▸ **TASK TO CARRY OUT**
Reproduce the complete set of records exactly. No picture is to appear in the copy.

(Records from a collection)
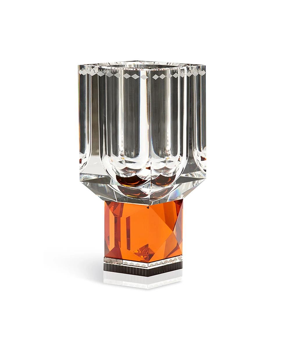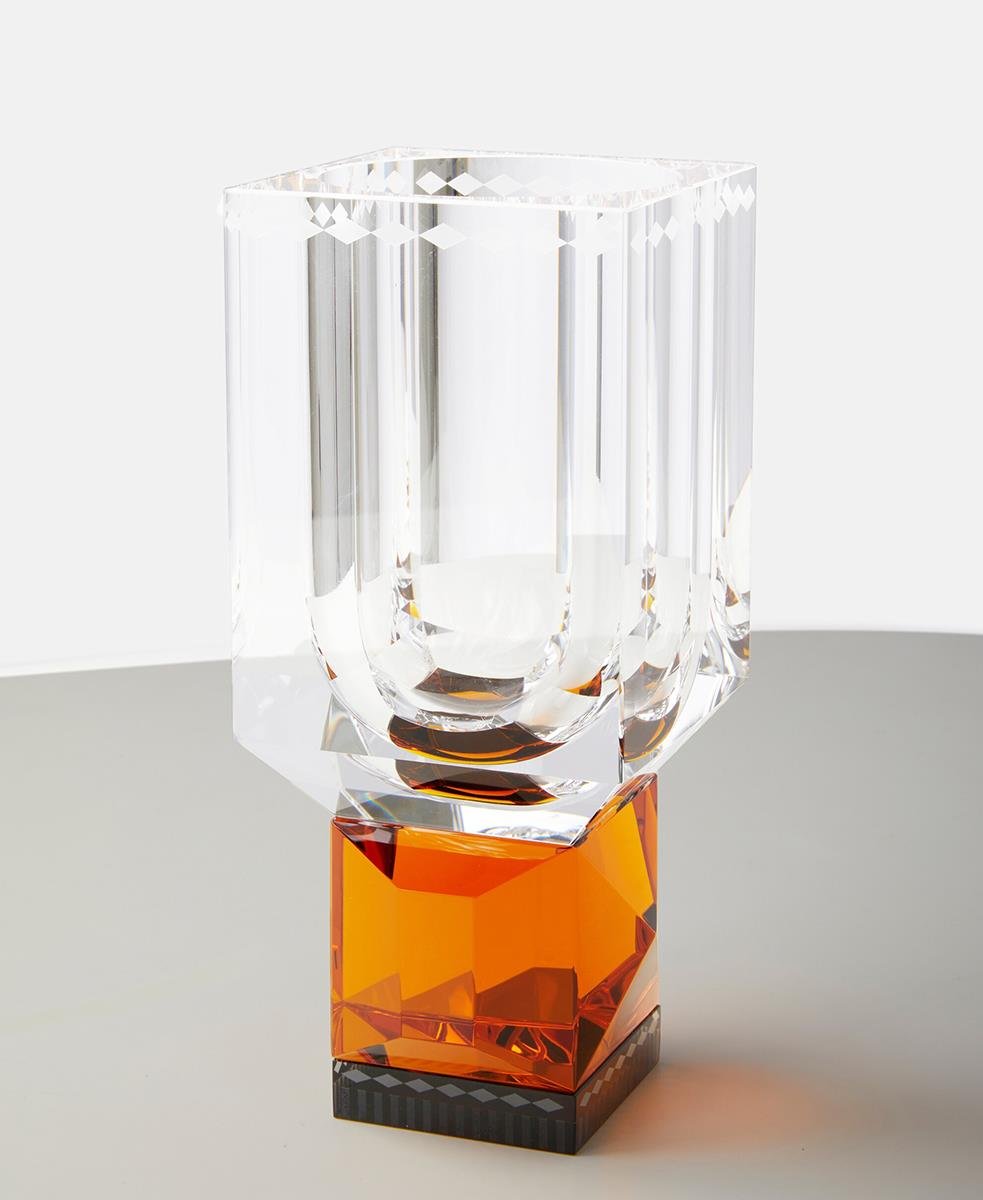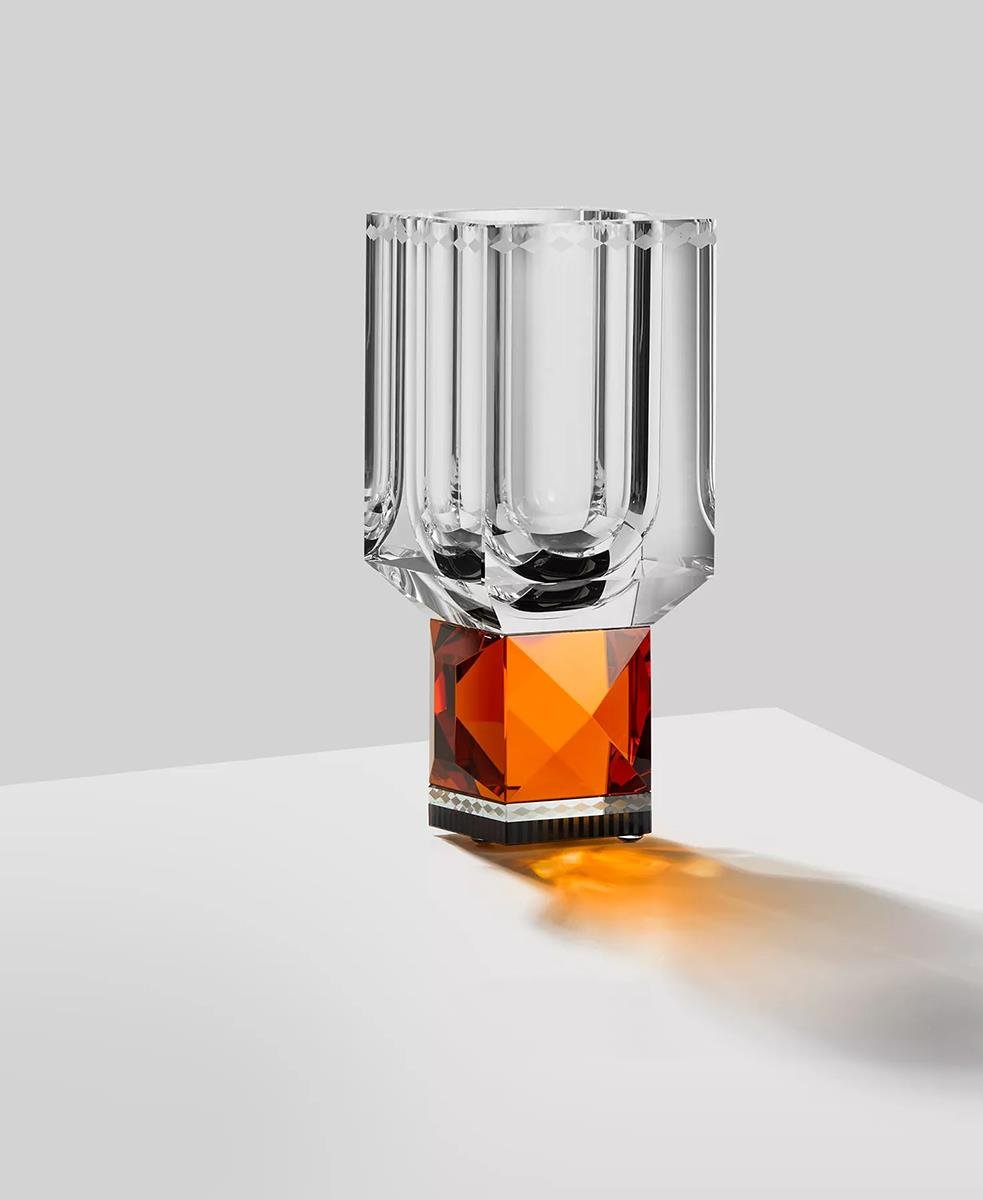 Bu kristal vazonun cesur şekli işlevsellik ve güzellik kavramını bir araya getiriyor. Uzun bir kase ve fasetli bir sapla elle kesilmiş kristalden yapılmıştır.
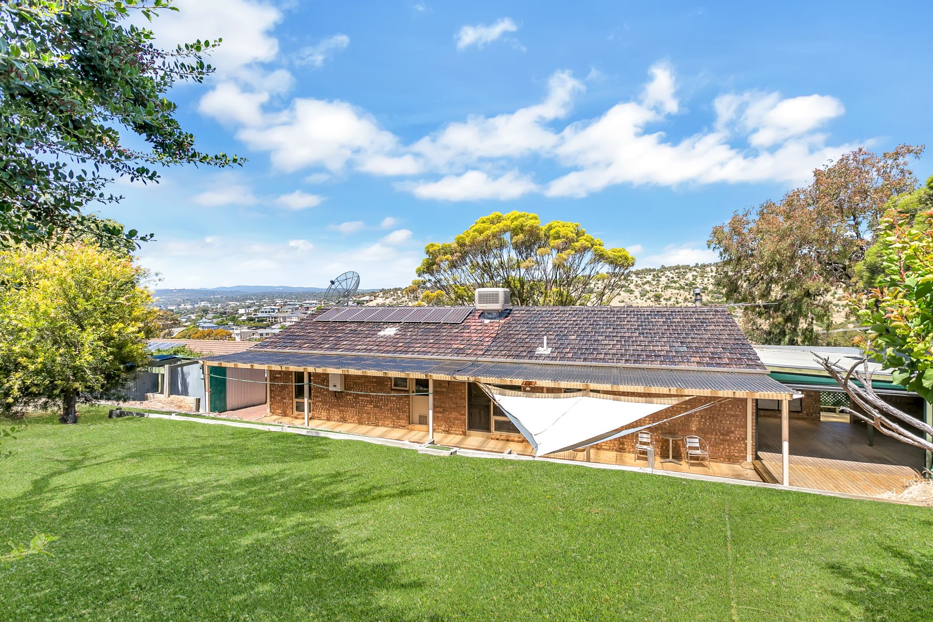 Moving outside you will be impressed by the full-length veranda which creates the perfect private entertaining space for your guests. The split level yard is studded with a variety of established trees and has sweeping views which creates the perfect oasis for the budding gardener or imaginative children. Two garden sheds, one of which is a workshop adjacent the double carport with automatic roller door, to store away all your tools and equipment to keep your patio clear of clutter. All of the front windows have automatic roller shutters for extra piece of mind and to keep out the heat in summer, 8 solar panels have also been installed to keep costs low.
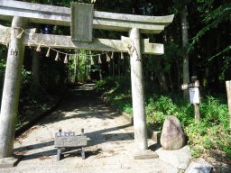 神武神社の鳥居をくぐり登山道が始まります。 |
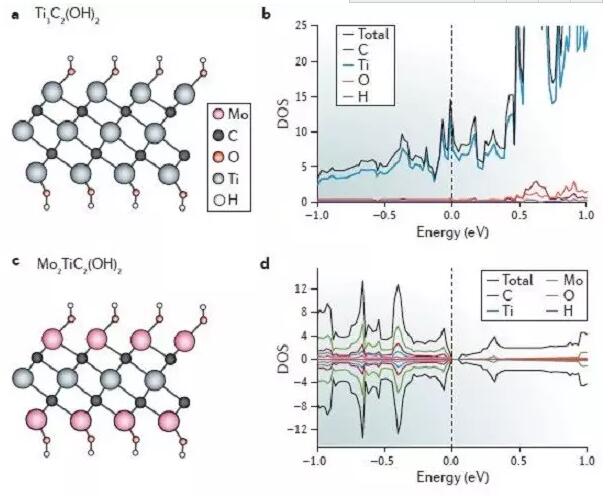 (c,d)表面有OH-的Mo2TiC2的原子分布以及計(jì)算狀態(tài)密度 (DOS)示意圖
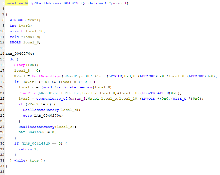 내부의 lpStartAddress_00402700 함수 포인터를 사용하는 것을 볼 수 있다.
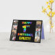 The front of this eye-catching and cheerful birthday themed greeting card design features the message “HAPPY 1ST BIRTHDAY,“ with a multicolored rainbow spectrum inspired gradient pattern, along with a customisable recipient name. To the left and the right of the rainbow-patterned message on the front are some photos that can be personalised, perhaps with photos of the recipient, the recipient’s family and friends, and/or the sender(s) of the card. The inside has a customisable birthday greeting message, or could perhaps be cleared and left blank if a message is to be written by hand instead. An upbeat, personalised birthday greeting card like this might be used to acknowledge somebody’s first birthday. (Photography © Storytree Studios, Stanford, CA.) [~Z0000667]
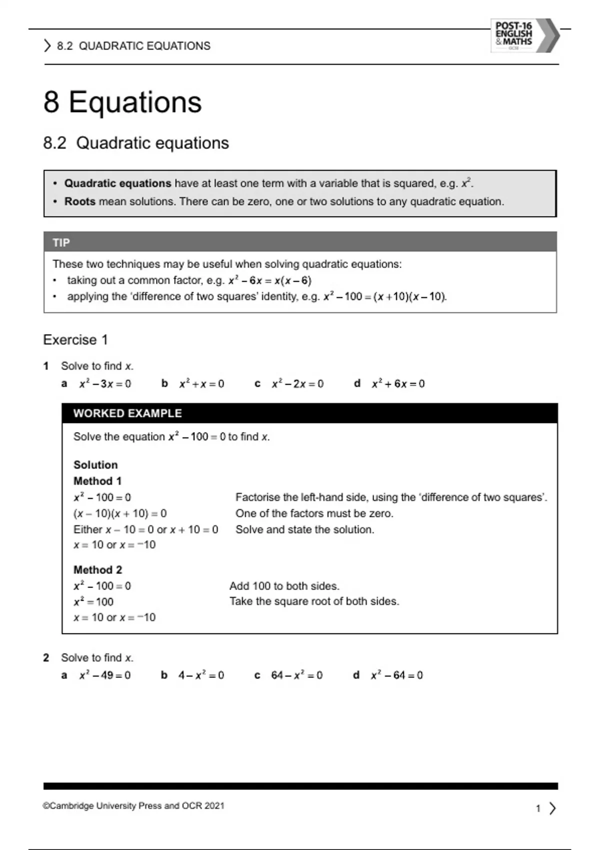 OCR GCSE 8.2 MATHS QUADRATIC EQUATIONS EXAM

▸ **SOLUTION**
 Bu kristal vazonun cesur şekli işlevsellik ve güzellik kavramını bir araya getiriyor. Uzun bir kase ve fasetli bir sapla elle kesilmiş kristalden yapılmıştır.
 Moving outside you will be impressed by the full-length veranda which creates the perfect private entertaining space for your guests. The split level yard is studded with a variety of established trees and has sweeping views which creates the perfect oasis for the budding gardener or imaginative children. Two garden sheds, one of which is a workshop adjacent the double carport with automatic roller door, to store away all your tools and equipment to keep your patio clear of clutter. All of the front windows have automatic roller shutters for extra piece of mind and to keep out the heat in summer, 8 solar panels have also been installed to keep costs low.
 神武神社の鳥居をくぐり登山道が始まります。 |
 (c,d)表面有OH-的Mo2TiC2的原子分布以及計(jì)算狀態(tài)密度 (DOS)示意圖
 내부의 lpStartAddress_00402700 함수 포인터를 사용하는 것을 볼 수 있다.
 The front of this eye-catching and cheerful birthday themed greeting card design features the message “HAPPY 1ST BIRTHDAY,“ with a multicolored rainbow spectrum inspired gradient pattern, along with a customisable recipient name. To the left and the right of the rainbow-patterned message on the front are some photos that can be personalised, perhaps with photos of the recipient, the recipient’s family and friends, and/or the sender(s) of the card. The inside has a customisable birthday greeting message, or could perhaps be cleared and left blank if a message is to be written by hand instead. An upbeat, personalised birthday greeting card like this might be used to acknowledge somebody’s first birthday. (Photography © Storytree Studios, Stanford, CA.) [~Z0000667]
 OCR GCSE 8.2 MATHS QUADRATIC EQUATIONS EXAM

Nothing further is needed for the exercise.